(Data excerpts)
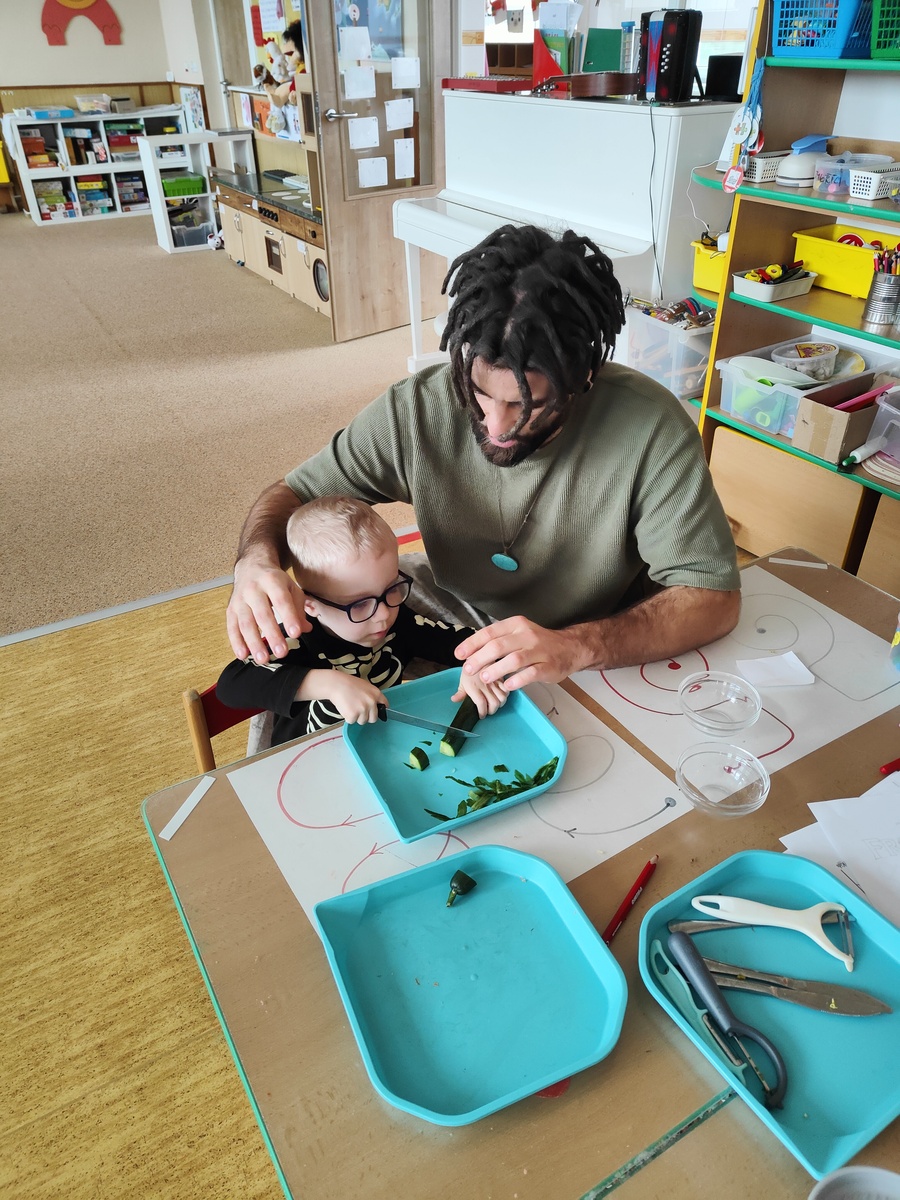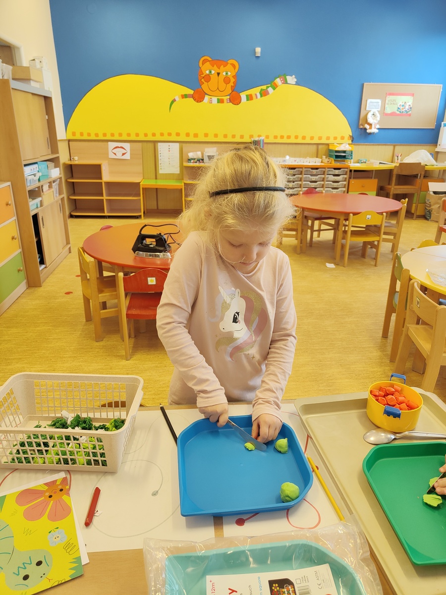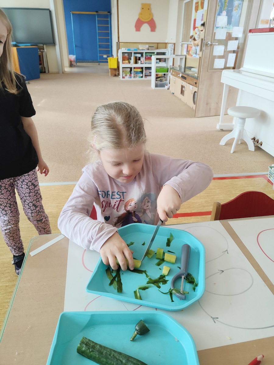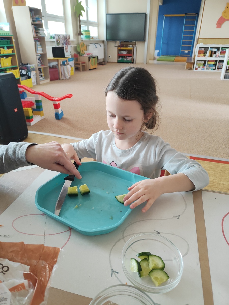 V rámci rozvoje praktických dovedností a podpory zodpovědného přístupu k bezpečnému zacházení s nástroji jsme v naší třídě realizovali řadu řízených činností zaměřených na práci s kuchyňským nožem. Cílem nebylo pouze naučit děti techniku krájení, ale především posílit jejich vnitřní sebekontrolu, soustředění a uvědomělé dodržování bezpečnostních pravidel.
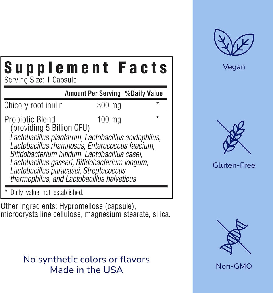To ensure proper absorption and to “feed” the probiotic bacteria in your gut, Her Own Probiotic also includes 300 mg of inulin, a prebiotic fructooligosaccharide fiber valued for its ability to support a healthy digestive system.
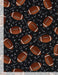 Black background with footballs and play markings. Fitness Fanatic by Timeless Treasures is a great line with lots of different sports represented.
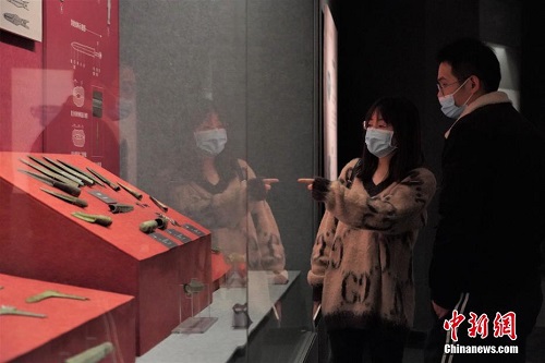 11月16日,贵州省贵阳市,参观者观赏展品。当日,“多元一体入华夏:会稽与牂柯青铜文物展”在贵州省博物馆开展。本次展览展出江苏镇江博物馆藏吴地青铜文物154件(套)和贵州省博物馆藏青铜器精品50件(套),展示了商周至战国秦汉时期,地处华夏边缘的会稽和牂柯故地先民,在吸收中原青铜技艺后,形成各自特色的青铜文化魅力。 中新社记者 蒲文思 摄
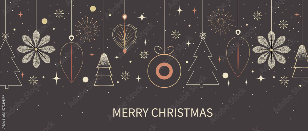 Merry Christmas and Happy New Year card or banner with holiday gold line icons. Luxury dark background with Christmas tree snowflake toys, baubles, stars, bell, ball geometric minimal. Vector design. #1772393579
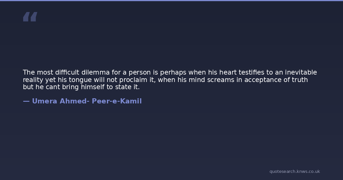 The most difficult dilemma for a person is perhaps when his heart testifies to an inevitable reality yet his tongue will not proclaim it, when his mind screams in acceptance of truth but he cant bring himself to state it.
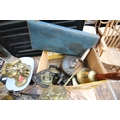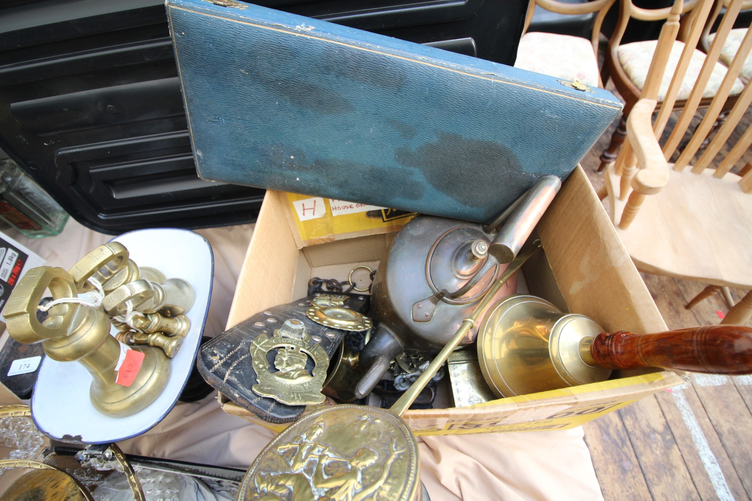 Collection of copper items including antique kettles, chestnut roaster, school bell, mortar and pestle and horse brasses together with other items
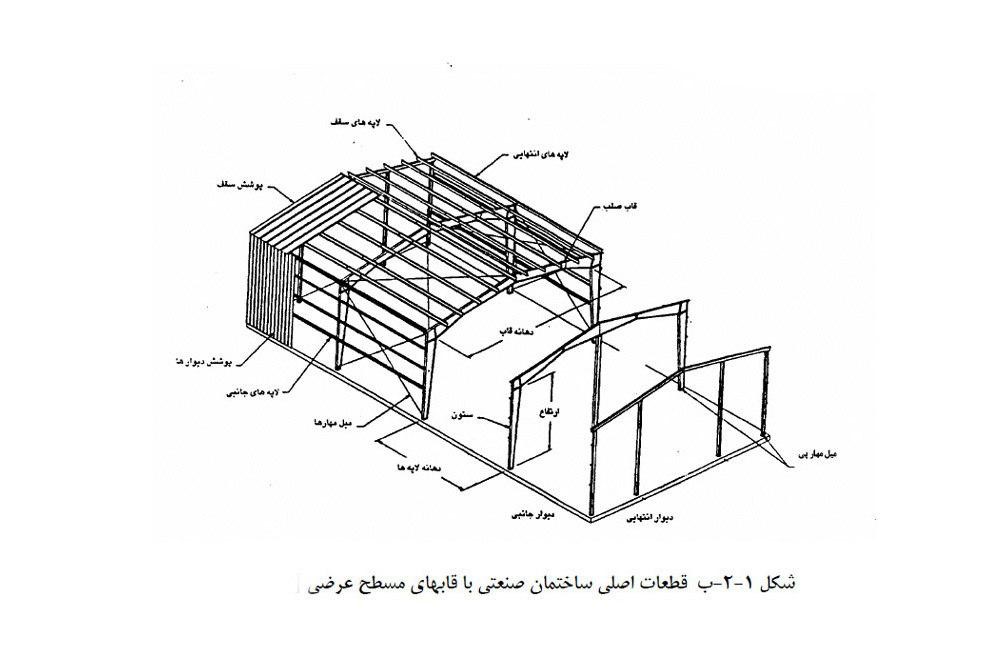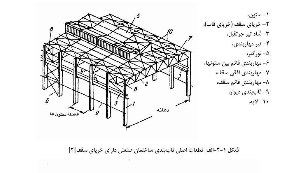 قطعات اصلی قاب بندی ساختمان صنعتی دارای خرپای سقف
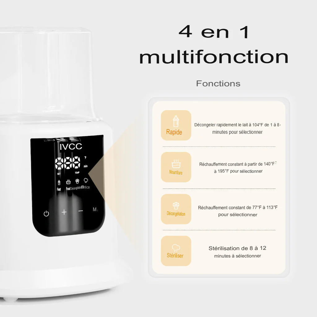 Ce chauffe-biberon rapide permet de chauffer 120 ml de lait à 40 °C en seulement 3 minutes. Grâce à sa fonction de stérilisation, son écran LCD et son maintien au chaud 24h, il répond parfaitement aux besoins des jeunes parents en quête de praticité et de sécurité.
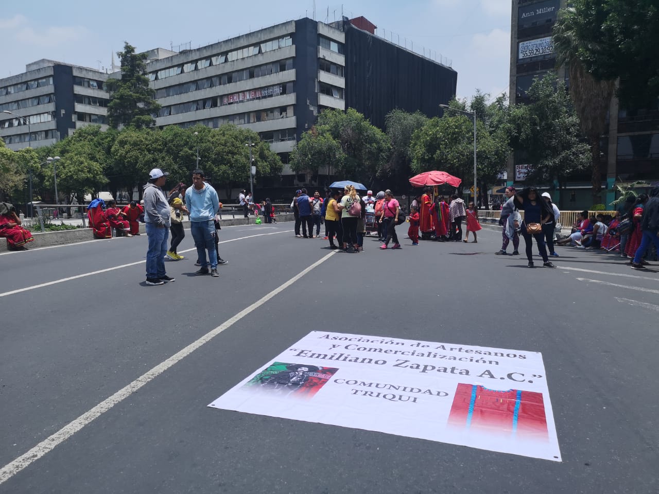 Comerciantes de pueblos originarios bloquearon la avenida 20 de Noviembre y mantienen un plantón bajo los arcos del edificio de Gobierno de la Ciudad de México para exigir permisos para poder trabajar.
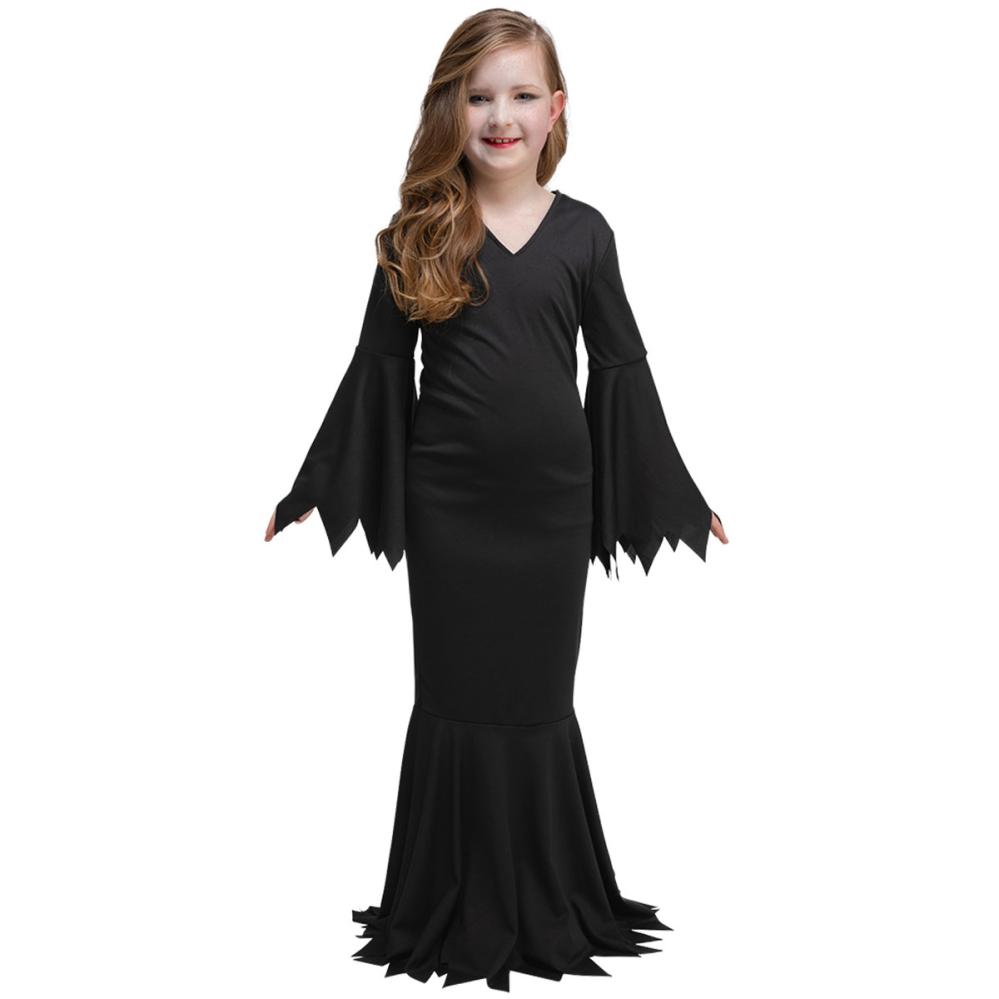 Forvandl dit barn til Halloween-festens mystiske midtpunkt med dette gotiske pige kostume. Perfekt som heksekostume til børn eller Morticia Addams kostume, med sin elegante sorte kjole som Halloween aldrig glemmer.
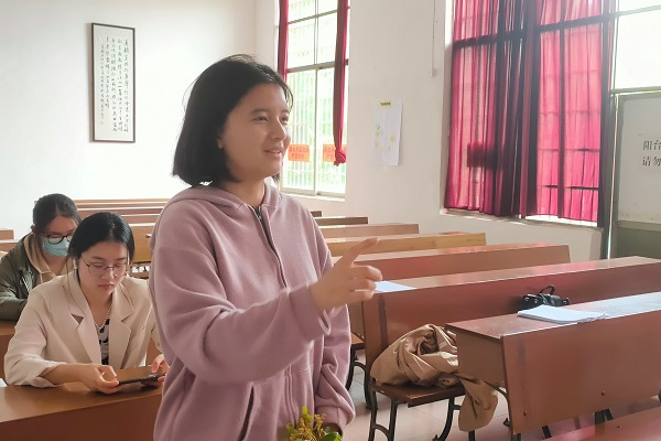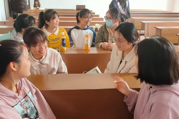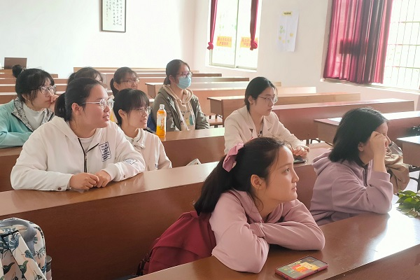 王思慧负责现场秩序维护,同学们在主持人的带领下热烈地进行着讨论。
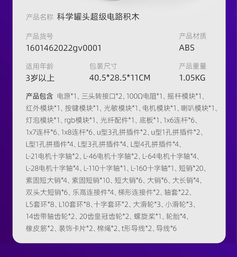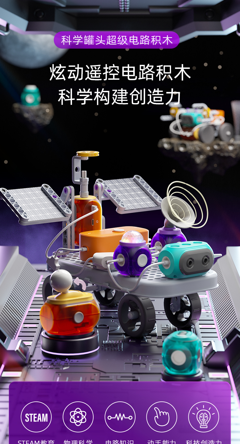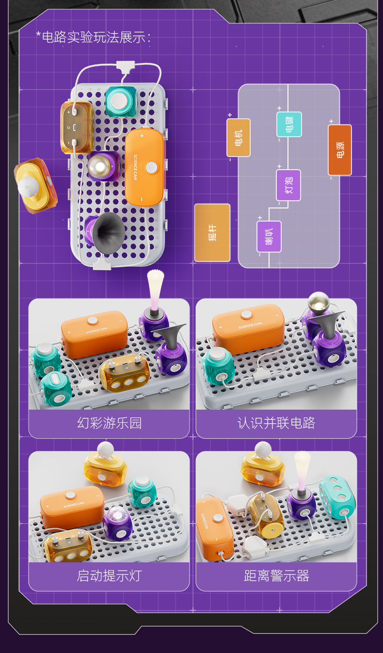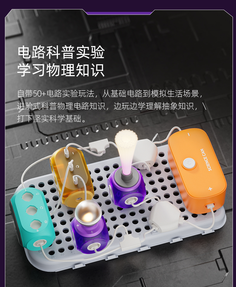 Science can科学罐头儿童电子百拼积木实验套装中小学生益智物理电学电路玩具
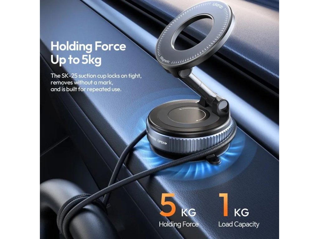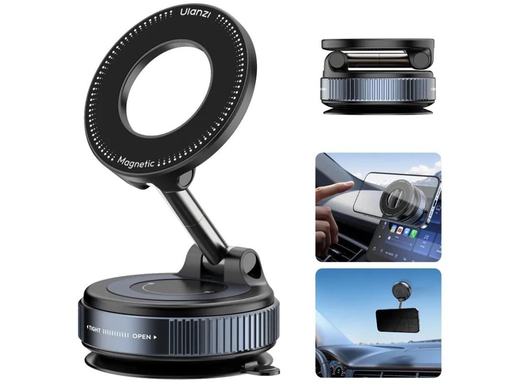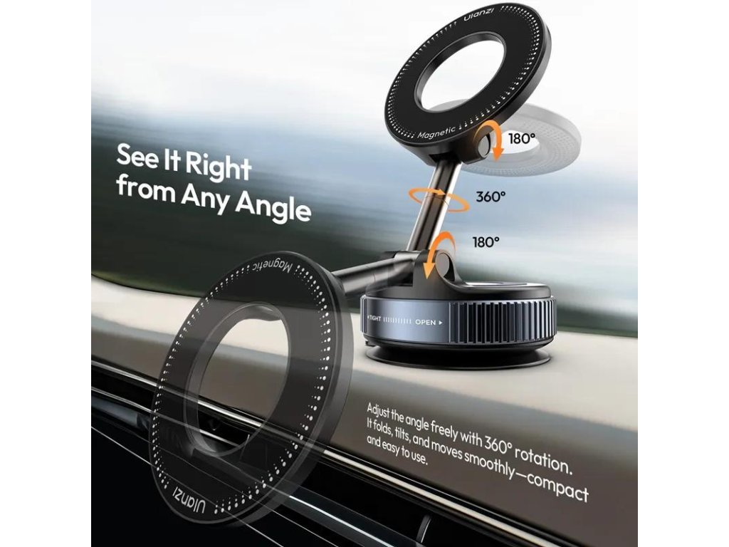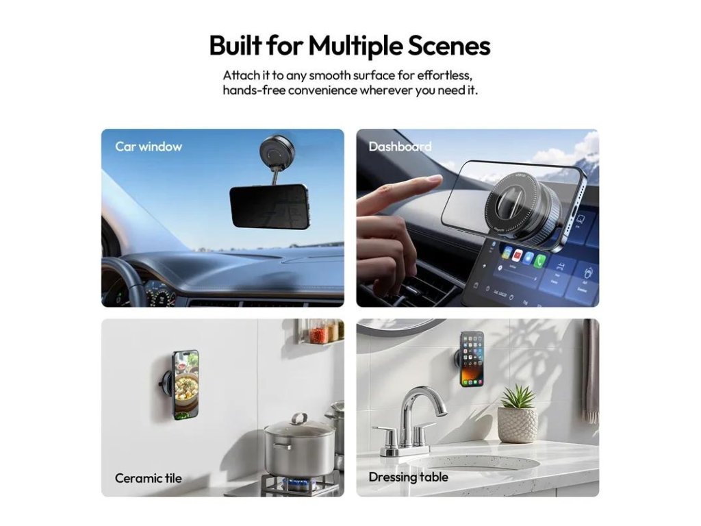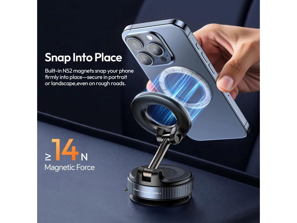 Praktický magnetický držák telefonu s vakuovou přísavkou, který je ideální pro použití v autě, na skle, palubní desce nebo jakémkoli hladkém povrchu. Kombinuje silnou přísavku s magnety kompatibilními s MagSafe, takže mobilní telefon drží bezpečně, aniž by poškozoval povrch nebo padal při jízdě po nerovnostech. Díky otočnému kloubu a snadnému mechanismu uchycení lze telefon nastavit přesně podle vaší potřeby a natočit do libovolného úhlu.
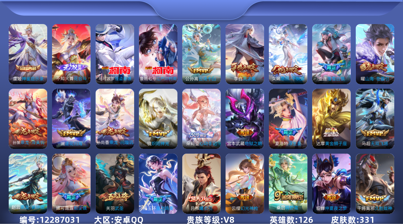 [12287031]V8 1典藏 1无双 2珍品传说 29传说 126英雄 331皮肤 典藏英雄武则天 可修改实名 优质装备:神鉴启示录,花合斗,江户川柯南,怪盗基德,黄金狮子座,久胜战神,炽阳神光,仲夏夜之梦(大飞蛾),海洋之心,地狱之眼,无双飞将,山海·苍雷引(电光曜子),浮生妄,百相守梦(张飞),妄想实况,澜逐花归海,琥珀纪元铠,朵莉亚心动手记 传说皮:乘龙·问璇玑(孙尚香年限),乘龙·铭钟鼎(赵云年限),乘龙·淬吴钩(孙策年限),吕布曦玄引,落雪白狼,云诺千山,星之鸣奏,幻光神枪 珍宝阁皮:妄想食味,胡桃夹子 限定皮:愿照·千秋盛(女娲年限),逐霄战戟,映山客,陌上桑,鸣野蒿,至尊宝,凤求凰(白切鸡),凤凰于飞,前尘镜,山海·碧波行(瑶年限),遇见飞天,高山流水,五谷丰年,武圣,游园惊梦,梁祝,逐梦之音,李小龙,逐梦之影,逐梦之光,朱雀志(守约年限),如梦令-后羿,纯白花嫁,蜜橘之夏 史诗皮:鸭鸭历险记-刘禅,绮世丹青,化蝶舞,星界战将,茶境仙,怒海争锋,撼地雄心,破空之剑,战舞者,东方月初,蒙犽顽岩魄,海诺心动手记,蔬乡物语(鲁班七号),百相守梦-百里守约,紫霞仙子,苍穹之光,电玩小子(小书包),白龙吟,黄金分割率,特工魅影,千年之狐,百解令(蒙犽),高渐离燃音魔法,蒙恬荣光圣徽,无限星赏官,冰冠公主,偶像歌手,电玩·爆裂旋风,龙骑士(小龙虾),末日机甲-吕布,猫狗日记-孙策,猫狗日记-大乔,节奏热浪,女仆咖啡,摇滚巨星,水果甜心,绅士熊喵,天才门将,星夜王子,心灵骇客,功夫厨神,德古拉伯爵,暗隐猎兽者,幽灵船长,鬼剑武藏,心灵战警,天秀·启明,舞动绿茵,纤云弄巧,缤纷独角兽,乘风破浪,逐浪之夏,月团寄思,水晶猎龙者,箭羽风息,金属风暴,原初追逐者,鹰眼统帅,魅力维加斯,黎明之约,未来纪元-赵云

**Problem to work on**: Output every entry above exactly, minus the pictures.

**Result of this task**:
 V rámci rozvoje praktických dovedností a podpory zodpovědného přístupu k bezpečnému zacházení s nástroji jsme v naší třídě realizovali řadu řízených činností zaměřených na práci s kuchyňským nožem. Cílem nebylo pouze naučit děti techniku krájení, ale především posílit jejich vnitřní sebekontrolu, soustředění a uvědomělé dodržování bezpečnostních pravidel.
To ensure proper absorption and to “feed” the probiotic bacteria in your gut, Her Own Probiotic also includes 300 mg of inulin, a prebiotic fructooligosaccharide fiber valued for its ability to support a healthy digestive system.
 Black background with footballs and play markings. Fitness Fanatic by Timeless Treasures is a great line with lots of different sports represented.
 11月16日,贵州省贵阳市,参观者观赏展品。当日,“多元一体入华夏:会稽与牂柯青铜文物展”在贵州省博物馆开展。本次展览展出江苏镇江博物馆藏吴地青铜文物154件(套)和贵州省博物馆藏青铜器精品50件(套),展示了商周至战国秦汉时期,地处华夏边缘的会稽和牂柯故地先民,在吸收中原青铜技艺后,形成各自特色的青铜文化魅力。 中新社记者 蒲文思 摄
 Merry Christmas and Happy New Year card or banner with holiday gold line icons. Luxury dark background with Christmas tree snowflake toys, baubles, stars, bell, ball geometric minimal. Vector design. #1772393579
 The most difficult dilemma for a person is perhaps when his heart testifies to an inevitable reality yet his tongue will not proclaim it, when his mind screams in acceptance of truth but he cant bring himself to state it.
 Collection of copper items including antique kettles, chestnut roaster, school bell, mortar and pestle and horse brasses together with other items
 قطعات اصلی قاب بندی ساختمان صنعتی دارای خرپای سقف
 Ce chauffe-biberon rapide permet de chauffer 120 ml de lait à 40 °C en seulement 3 minutes. Grâce à sa fonction de stérilisation, son écran LCD et son maintien au chaud 24h, il répond parfaitement aux besoins des jeunes parents en quête de praticité et de sécurité.
 Comerciantes de pueblos originarios bloquearon la avenida 20 de Noviembre y mantienen un plantón bajo los arcos del edificio de Gobierno de la Ciudad de México para exigir permisos para poder trabajar.
 Forvandl dit barn til Halloween-festens mystiske midtpunkt med dette gotiske pige kostume. Perfekt som heksekostume til børn eller Morticia Addams kostume, med sin elegante sorte kjole som Halloween aldrig glemmer.
 王思慧负责现场秩序维护,同学们在主持人的带领下热烈地进行着讨论。
 Science can科学罐头儿童电子百拼积木实验套装中小学生益智物理电学电路玩具
 Praktický magnetický držák telefonu s vakuovou přísavkou, který je ideální pro použití v autě, na skle, palubní desce nebo jakémkoli hladkém povrchu. Kombinuje silnou přísavku s magnety kompatibilními s MagSafe, takže mobilní telefon drží bezpečně, aniž by poškozoval povrch nebo padal při jízdě po nerovnostech. Díky otočnému kloubu a snadnému mechanismu uchycení lze telefon nastavit přesně podle vaší potřeby a natočit do libovolného úhlu.
 [12287031]V8 1典藏 1无双 2珍品传说 29传说 126英雄 331皮肤 典藏英雄武则天 可修改实名 优质装备:神鉴启示录,花合斗,江户川柯南,怪盗基德,黄金狮子座,久胜战神,炽阳神光,仲夏夜之梦(大飞蛾),海洋之心,地狱之眼,无双飞将,山海·苍雷引(电光曜子),浮生妄,百相守梦(张飞),妄想实况,澜逐花归海,琥珀纪元铠,朵莉亚心动手记 传说皮:乘龙·问璇玑(孙尚香年限),乘龙·铭钟鼎(赵云年限),乘龙·淬吴钩(孙策年限),吕布曦玄引,落雪白狼,云诺千山,星之鸣奏,幻光神枪 珍宝阁皮:妄想食味,胡桃夹子 限定皮:愿照·千秋盛(女娲年限),逐霄战戟,映山客,陌上桑,鸣野蒿,至尊宝,凤求凰(白切鸡),凤凰于飞,前尘镜,山海·碧波行(瑶年限),遇见飞天,高山流水,五谷丰年,武圣,游园惊梦,梁祝,逐梦之音,李小龙,逐梦之影,逐梦之光,朱雀志(守约年限),如梦令-后羿,纯白花嫁,蜜橘之夏 史诗皮:鸭鸭历险记-刘禅,绮世丹青,化蝶舞,星界战将,茶境仙,怒海争锋,撼地雄心,破空之剑,战舞者,东方月初,蒙犽顽岩魄,海诺心动手记,蔬乡物语(鲁班七号),百相守梦-百里守约,紫霞仙子,苍穹之光,电玩小子(小书包),白龙吟,黄金分割率,特工魅影,千年之狐,百解令(蒙犽),高渐离燃音魔法,蒙恬荣光圣徽,无限星赏官,冰冠公主,偶像歌手,电玩·爆裂旋风,龙骑士(小龙虾),末日机甲-吕布,猫狗日记-孙策,猫狗日记-大乔,节奏热浪,女仆咖啡,摇滚巨星,水果甜心,绅士熊喵,天才门将,星夜王子,心灵骇客,功夫厨神,德古拉伯爵,暗隐猎兽者,幽灵船长,鬼剑武藏,心灵战警,天秀·启明,舞动绿茵,纤云弄巧,缤纷独角兽,乘风破浪,逐浪之夏,月团寄思,水晶猎龙者,箭羽风息,金属风暴,原初追逐者,鹰眼统帅,魅力维加斯,黎明之约,未来纪元-赵云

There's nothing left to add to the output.